Несколько смущенный, Нестор продолжал:
— Вот прекрасная дочь царя Приама, царевна Лаодика. Кто возьмет ее в свой дом?
Незнакомый мне человек забрал Лаодику, потом Илона тоже досталась незнакомцу.
— А теперь очередь бывшей царицы Спарты, — раздался голос Менелая. — Позвольте огласить список ее преступлений, прежде чем она перейдет к законному владельцу. Все мы покинули свои дома, сражались, страдали много лет из-за преступления, которое она совершила. Почему? Потому что вы — благородные мужи и сдержали, несмотря на все лишения, клятву, которую некогда дали ее отцу Тиндарею. Посмотрите на трупы лошадей, которыми усеяна Троянская равнина. Эта война началась с принесения в жертву лошади, на которой мы поклялись, и она завершилась принесением в жертву множества лошадей. Среди них и деревянный конь.
Менелай посмотрел мне в глаза. Неужели было время, когда я смотрела в эти глаза с любовью, с нежностью?
— Итак, позвольте мне перечислить ее преступления! — не скрывая ликования, продолжал Менелай. — Во-первых…
— Позволь мне избавить тебя от труда, — перебила я, не в силах слышать его самодовольный голос. — Я хорошо знаю, что ты собираешься сказать. Заодно я отвечу на эти обвинения, и церемония займет меньше времени.
Если бы Менелай знал меня, он не удивился бы моим словам. Но бедняга так растерялся, что утратил дар речи, на что я и рассчитывала. Я вышла вперед и стояла одна перед собравшимися. Сотни глаз пожирали меня.
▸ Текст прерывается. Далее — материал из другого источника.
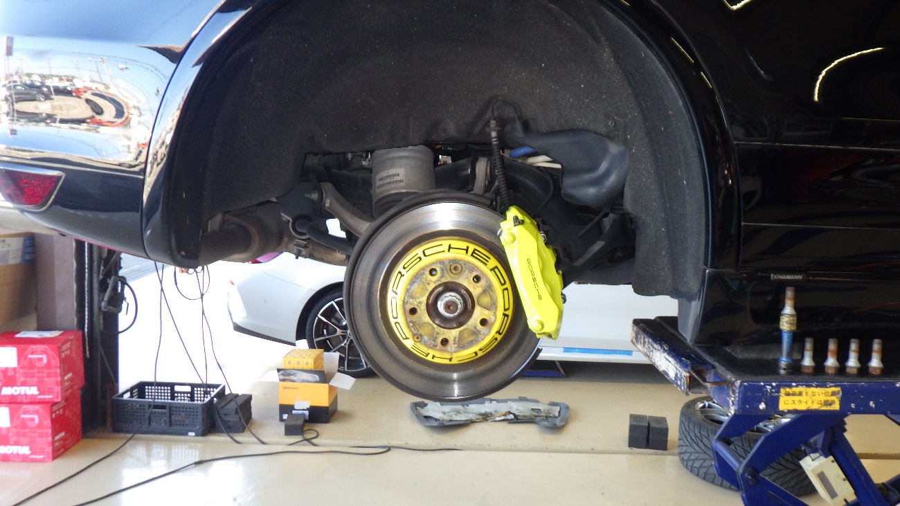リヤ側左右タイヤを取り外して作業に取り掛かっている様子になります。
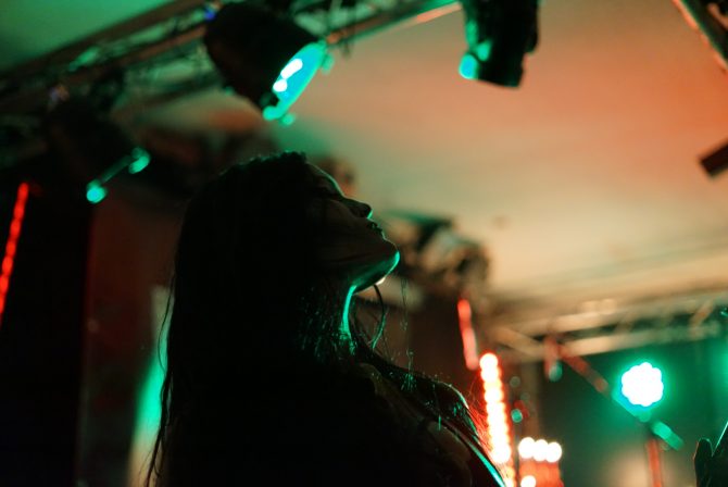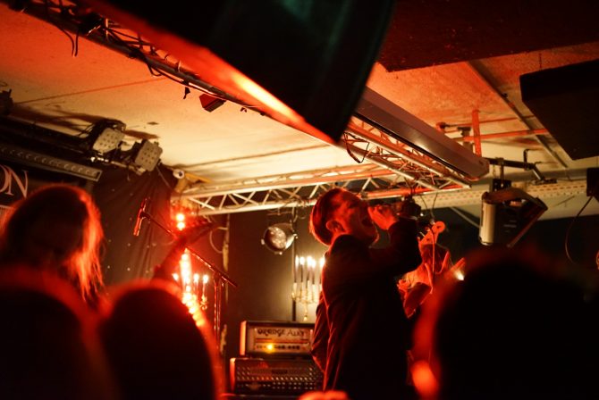 We cut our arrival a bit close, and so when we walked into Húrra the music room was already packed, with the crowd overflowing into the bar area. It wasn’t long before NYIÞ began what I can best describe as the beginning of a ritual.
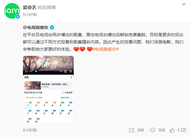 电视剧《爱你》官博发文称:在平台及电视台同步播出的剧集,需在电视台播出后解锁免费集数。目标是更多的观众都可以通过不同方式观看到剧集精彩内容。因此产生的观看问题,我们深感抱歉,我们会争取给大家更好的体验。
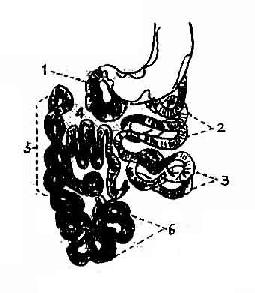 1.十二指肠2 .空肠上部 3.空肠下部 4.回肠上部
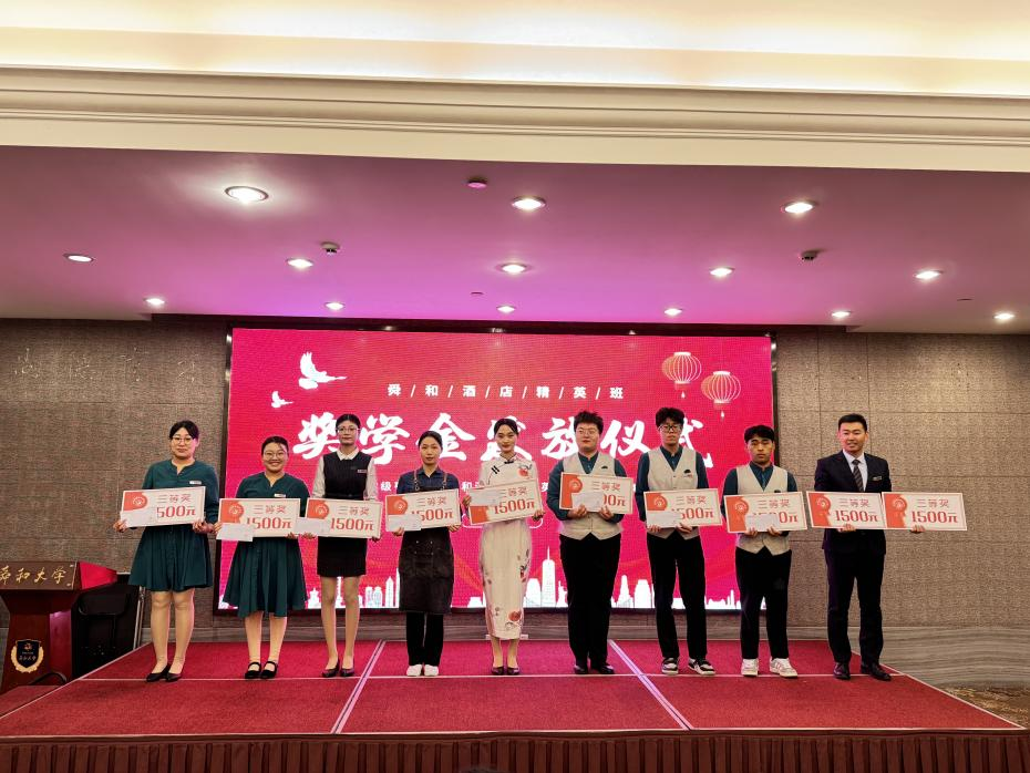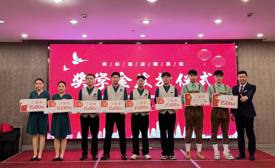 舜和精英班奖学金由山东舜和酒店集团捐资设立,面向yl23455永利集团旅游管理专业(职业经理人方向),旨在奖励品学兼优的学生,激发同学们继续学习的积极性。本次奖学金分为一、二、三等奖,共有28名学生获得4.48万元的奖学金。

— Во-первых, я сбежала из Спарты вместе с троянским царевичем Парисом. Я сделала это по собственной воле, меня не похитили обманом и не увезли насильно, как некоторые говорили. Я не взяла с собой никаких сокровищ — как многие считали, — кроме нескольких драгоценностей, которые принадлежат лично мне. Одну я принесла в дар богине Афине, другие отдала Приаму. — Я замолчала, чтобы перевести дыхание. Тишина стояла такая, что мой вздох услышали все. — Мое единственное преступление, но за него никто не вправе меня наказывать или прощать, — это то, что я бросила свою дочь. Только она может быть мне судьей. Когда я встречусь с ней, я буду молить ее о прощении.
— Она никогда не простит тебя! — ожил Менелай. — Она ненавидит тебя и много раз говорила мне об этом! Она ждала, что я убью тебя, когда наконец доберусь до тебя!